A 6% performance improvement is hardly worth a 15% price increase, but the above chart also includes the $180 worth of liquid-cooling hardware that we added to make the LCS AXR9 290X function. If you already own a large enough loop to add this card, you’ll find value parity between PowerColor's $800 board and the $700 air-cooled retail card when you add them both to a $1200 system.

Amazingly, the price-per-performance of the card alone is similar to its value when added with a $180 pump and radiator combo to a $1200 PC.

The real added value of liquid-cooling a Radeon R9 290X doesn't necessarily come from increased performance though, but decreased noise. You can get most of the speed-up by simply turning up the clock rates and cranking the fan speed on an air-cooled card to annoying levels. Unfortunately, the worth of less noise depends on the liquid-cooling components you're using, making any attempt to quantify this completely arbitrary. Our charts are the closest approximation we can find without dollars-to-noise compensation.

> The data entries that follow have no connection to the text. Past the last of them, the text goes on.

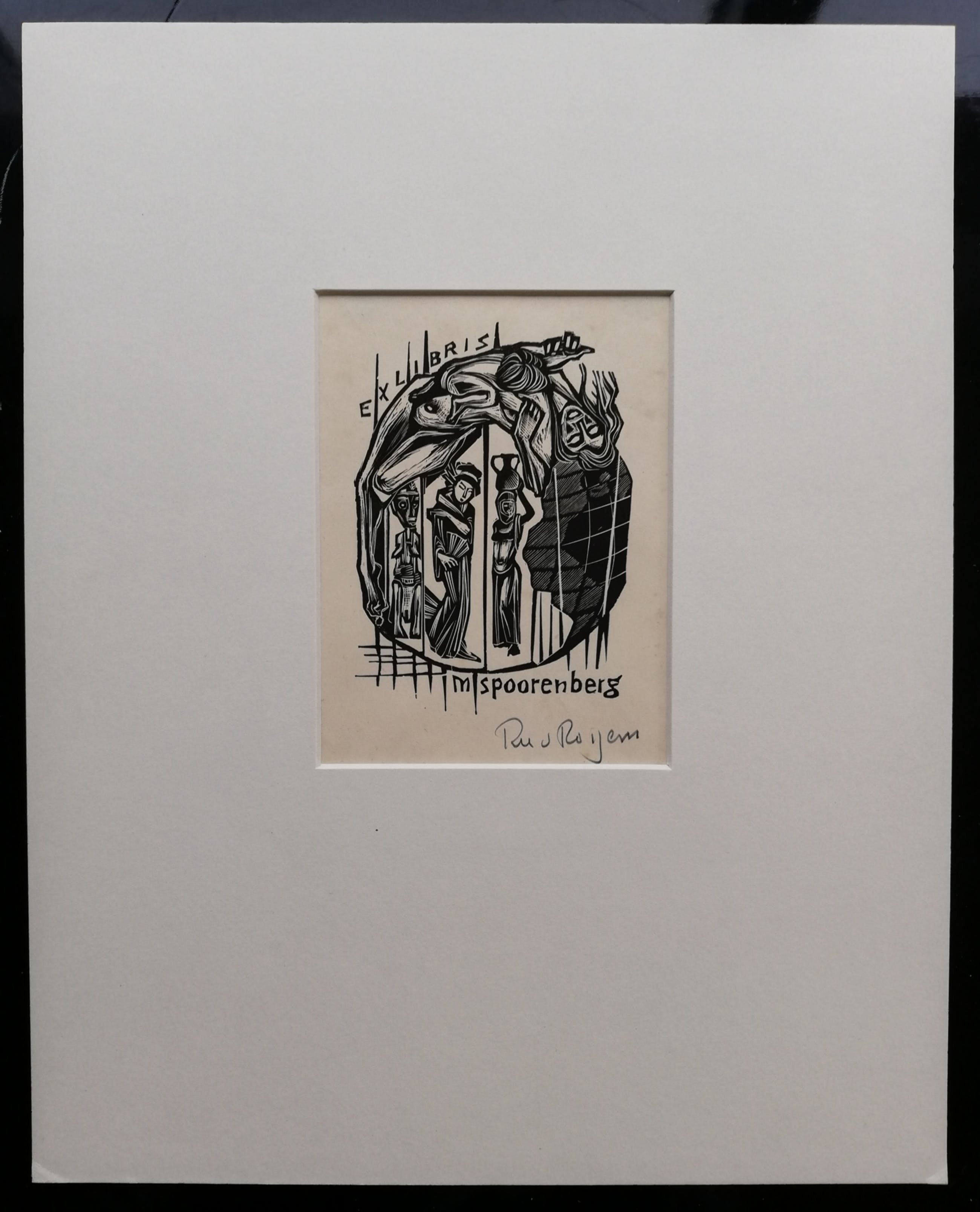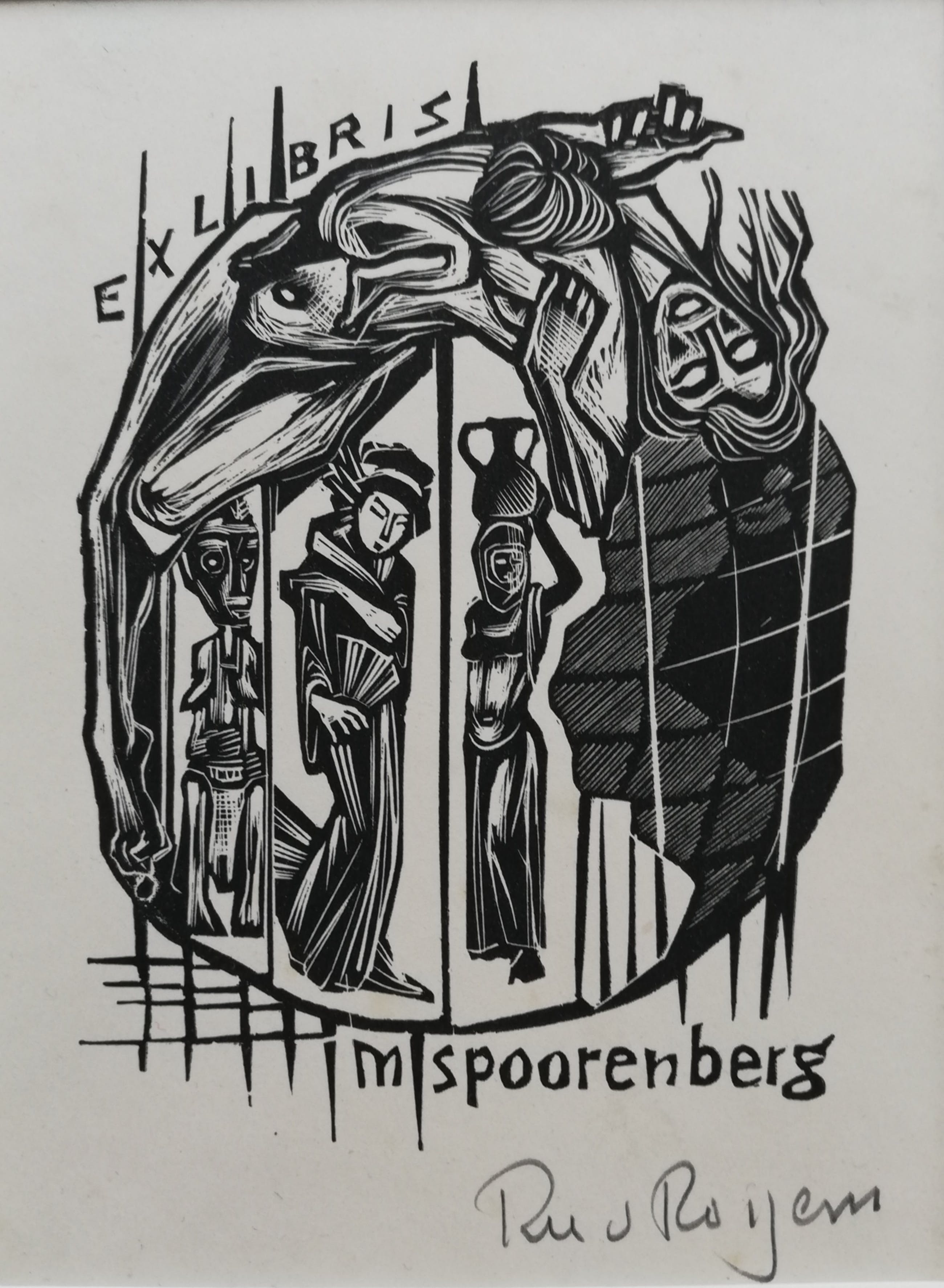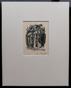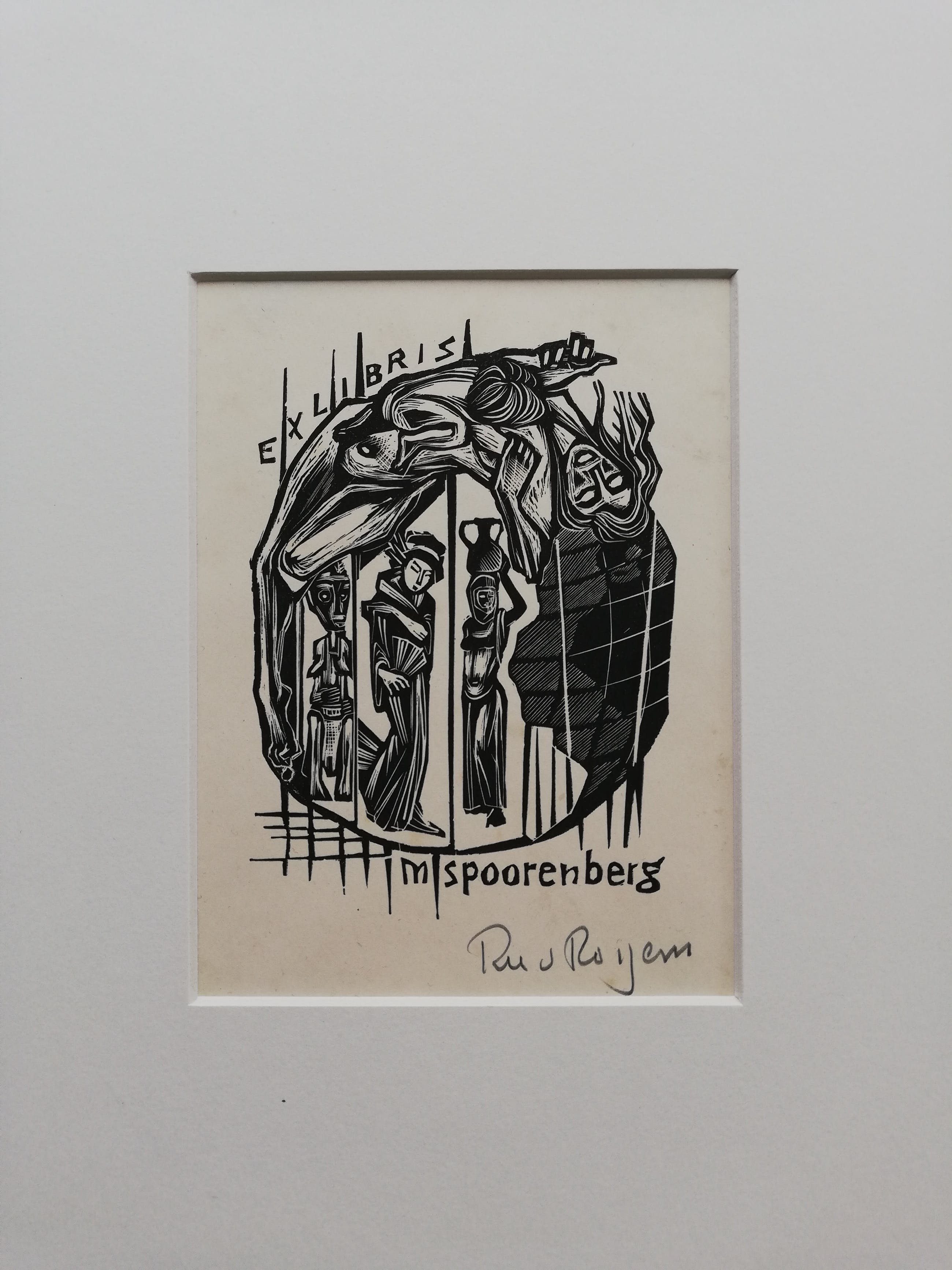 Fraai vormgegeven ex libris van kunstenaar Ru van Rossem. Handgesigneerd met potlood rechtsonder. Uit 1957. In nette passepartout.
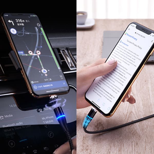 Nabíjecí kabel má magnetický design. Zapojte USB konektor do nějaké nabíjecí stanice, například do počítače, nabíječky nebo auta a přiložte magnetický konektor blízko nabíjecímu místu na vašem telefonu. Protože je magnet velmi silný, telefon se začne nabíjet téměř okamžitě. Telefon je možné připojit dokonce jen jednou rukou například při řízení.
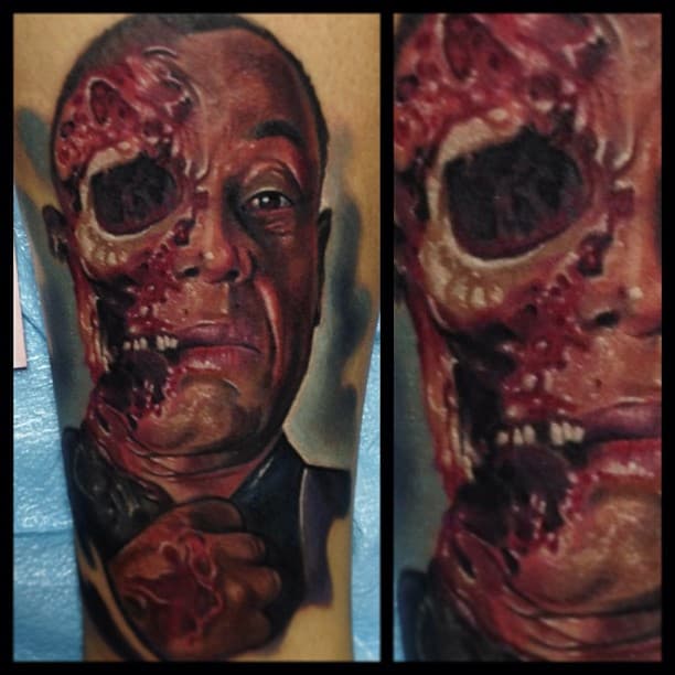Breaking Bad Tattoo / Amazing #walterwhite (#Heisenberg) tattoo portrait by ... / Tattoos of breaking bad, tattoo flash breaking bad.. Have you noticed all episodes, bought every dvd and repeated an effective quantity of lines in your mind? Breaking bad was one of the best television shows of all time. Bryan cranston got a breaking bad tattoo! In some cases, the tattoo shows the full portrait of the character. He got it on the last day of filming because one of the guys in the art department is a tattoo artist.
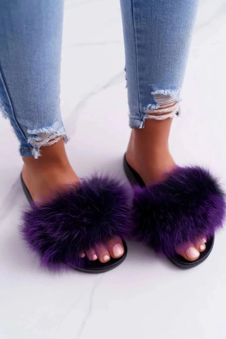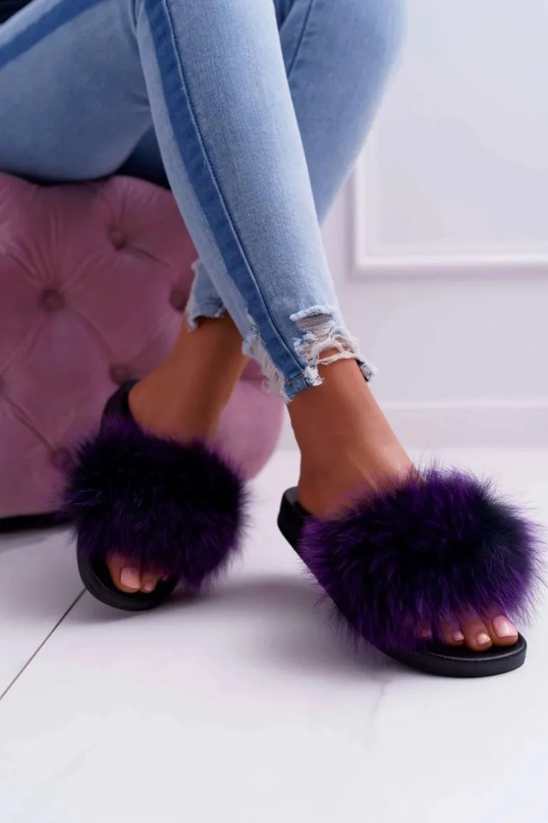Klapki damskie z naturalnym futerkiem. Podeszwa wykonana jest z gumowego, lekkiego tworzywa. Delikatnie profilowana wkładka zadba o Twój komfort.
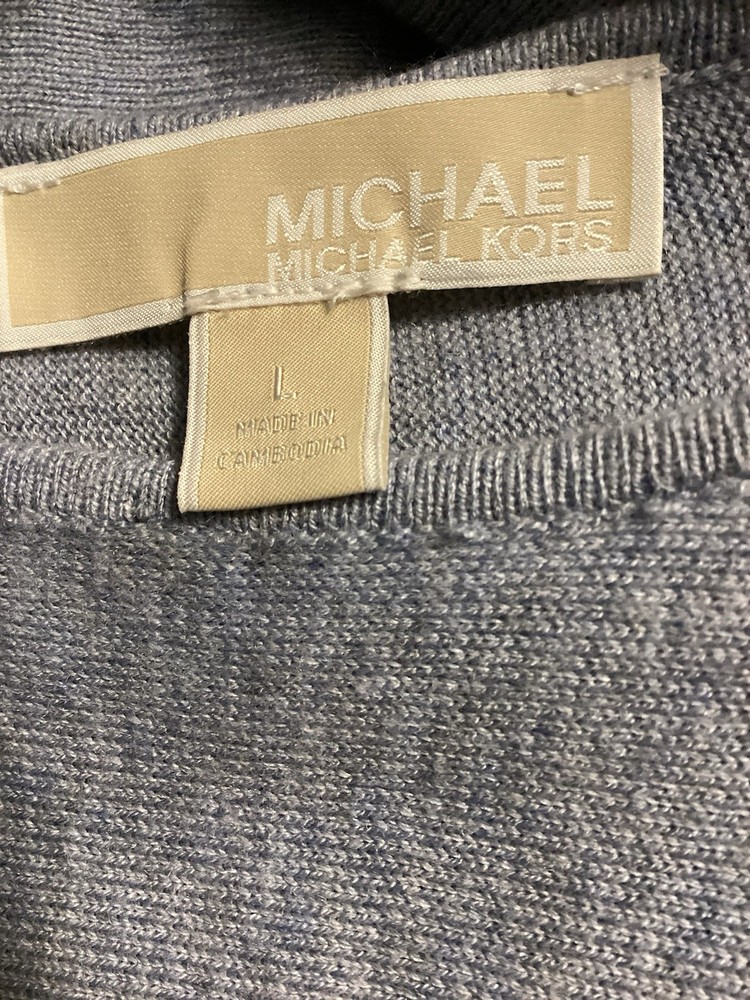 The Michael Kors Long Sleeve Sweater in Gray is a stylish and versatile addition to any woman's wardrobe. Made with a comfortable cotton blend material and featuring a tight-knit design, this sweater is perfect for casual, business, or travel occasions. The round neckline and raglan sleeves add a touch of sophistication, while the designer logo accent gives it a classic yet trendy appeal. With its regular fit and lightweight, stretchy fabric, this sweater is ideal for wearing in the winter, fall, or spring seasons.
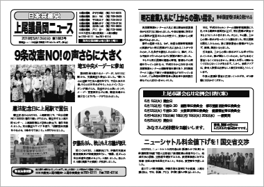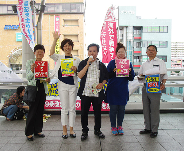 憲法記念日の5月3日、上尾駅東口で、「安倍改憲NO!3000万署名行動」が行われ、憲法を守る上尾共同センター、上尾革新懇など多数の参加で、署名を訴えました。党市議団もマイクを握り、「改憲国会発議をやめさせ、9条を守り抜こう」と呼びかけました。
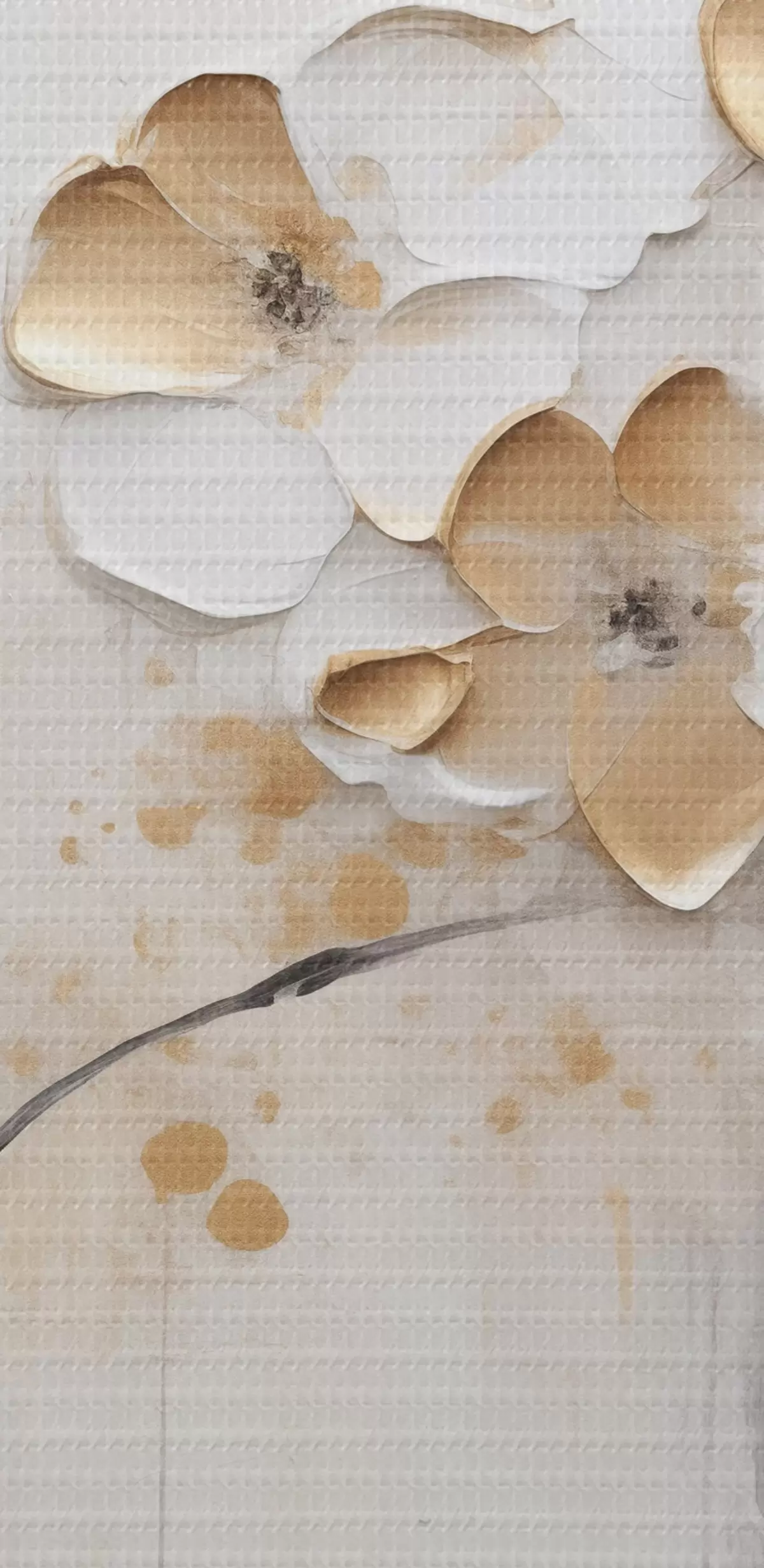 Fototapete Blumen mit strukturierten Blütenblättern auf einem weichen, gedämpften Hintergrund mit abstrakten Farbspritzern und vertikalen Linien  s42713
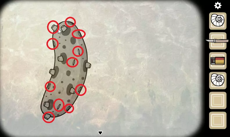 放大镜子,从顶部拿起贝壳。 退出,向右走两次。 点击漂浮的瓶子,多次点击瓶身上的裂缝直至其破碎。 拿起第二个贝壳。 退出,向右走。 点击漂浮的腌黄瓜,通过点击按钮来解谜(顺序无关):
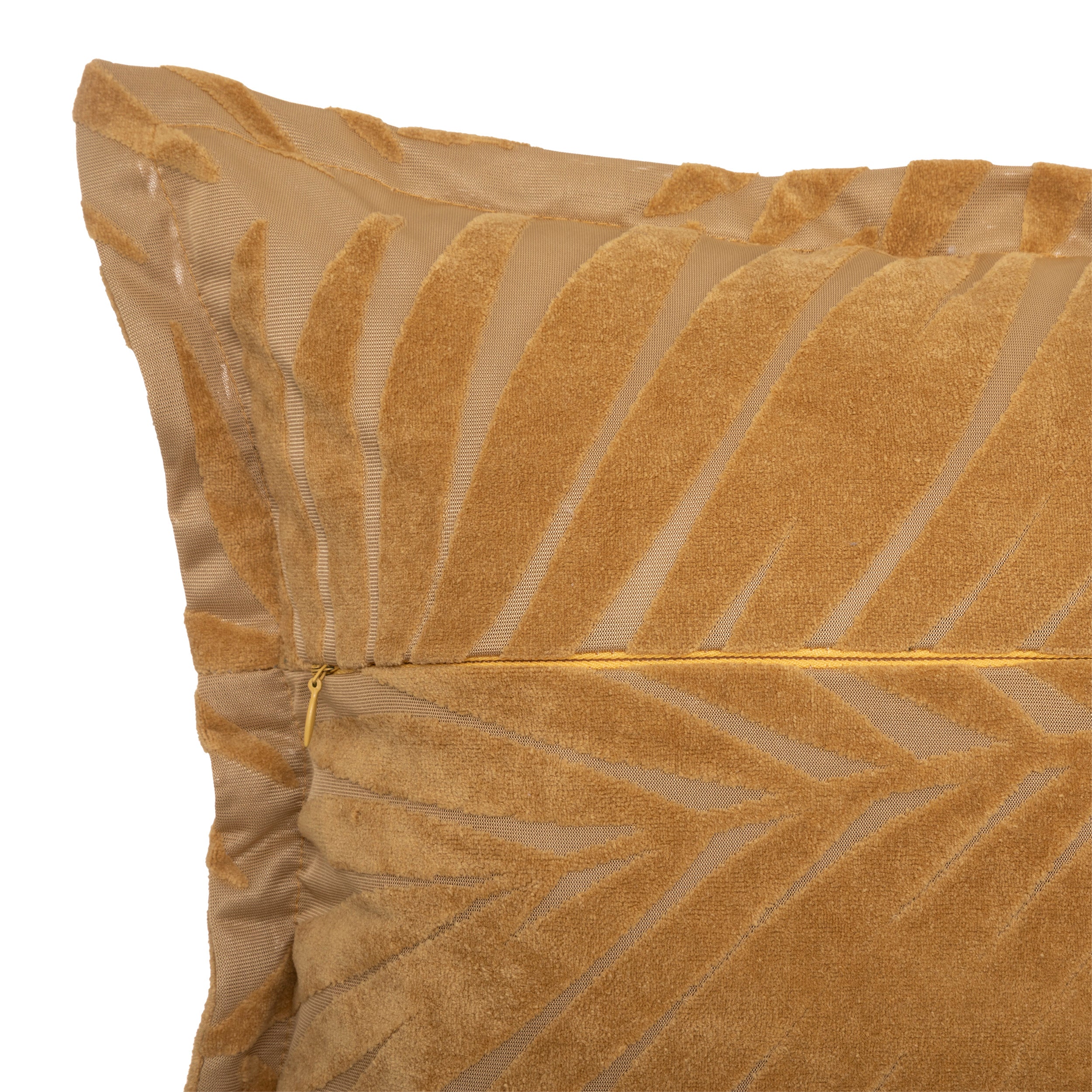 Velvet Sierkussen Leaf 3D Reliëf – Oker Geel – 45 x 45 cm – (Inclusief
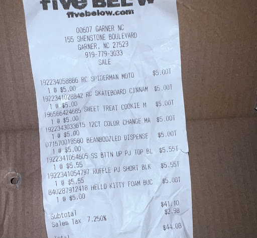 Update 6-20-24 Visited five below today and although I do really love the store and it was clean and organized today.... I'm really not a fan that they will pick that you had a great five-star experience on the survey. Literally they reach around and hit the button to rate them the highest. They don't let you do it, They do it.... I was going to rate them well anyways, But I didn't like how she reached around and hit the button for me.
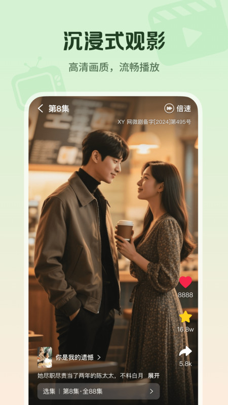 心晴免费短剧app是一款热门的短剧视频软件,用户在线可以进行搜索观看自己感兴趣的短剧,首页推荐各种高评分热门的作品,在观看过程中用户还可以设置高清画质,播放流畅。在搜索栏内可以进行搜索,打造沉浸式观影体验感。所有看过的历史记录都可以找到,用户还可以将自己喜欢的进行添加收藏!
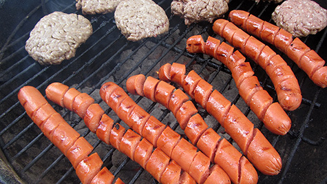 when it came time for grilling, i spiral-cut a package of beef hot dogs just to see what they were like. they were definitely more crispy, but still tasted like hot dogs. andrew also had hand-rolled burger patties, but they were plain burgers, none of the extra spices he used to put in. the star of the barbecue show were several packages of dom's original sirloin tips. i had a small piece which was blown onto the floor when a strong gust of wind took my plastic plate, but i picked it up and ate it anyway, that's how delicious and precious they are.
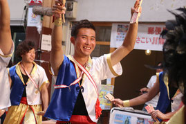 「トラックよさこい」の地方車が、「よいさ、ほいさ」と車体を左右に大きく揺らしながら演舞場に入ってくると、演舞場が興奮の渦に包まれました。今年か初回出場であったため審査対象外でしたが、ダントツのうまさでした。来年は大賞に選ばれると思います。

The liquid-cooling sink used on PowerColor’s LCS AXR9 290X is definitely worth something over AMD’s maligned reference heat sink and fan, but is the card ultimately worth $800? We believe that all Radeon R9 290X graphics cards are currently overpriced, unless you’re making money off them in crypto-currency mining, in which case there's a good chance you're getting hammered on power costs. Really though, any Hawaii-based card has the potential to re-emerge a value leader once supply catches back up to demand. 

Sidestepping the question of value, which market forces affect on an almost-daily basis, we find that it's better to ask if we'd spend an extra 14% to rid ourselves of the reference card’s heat and noise issues. The answer is an easy yes.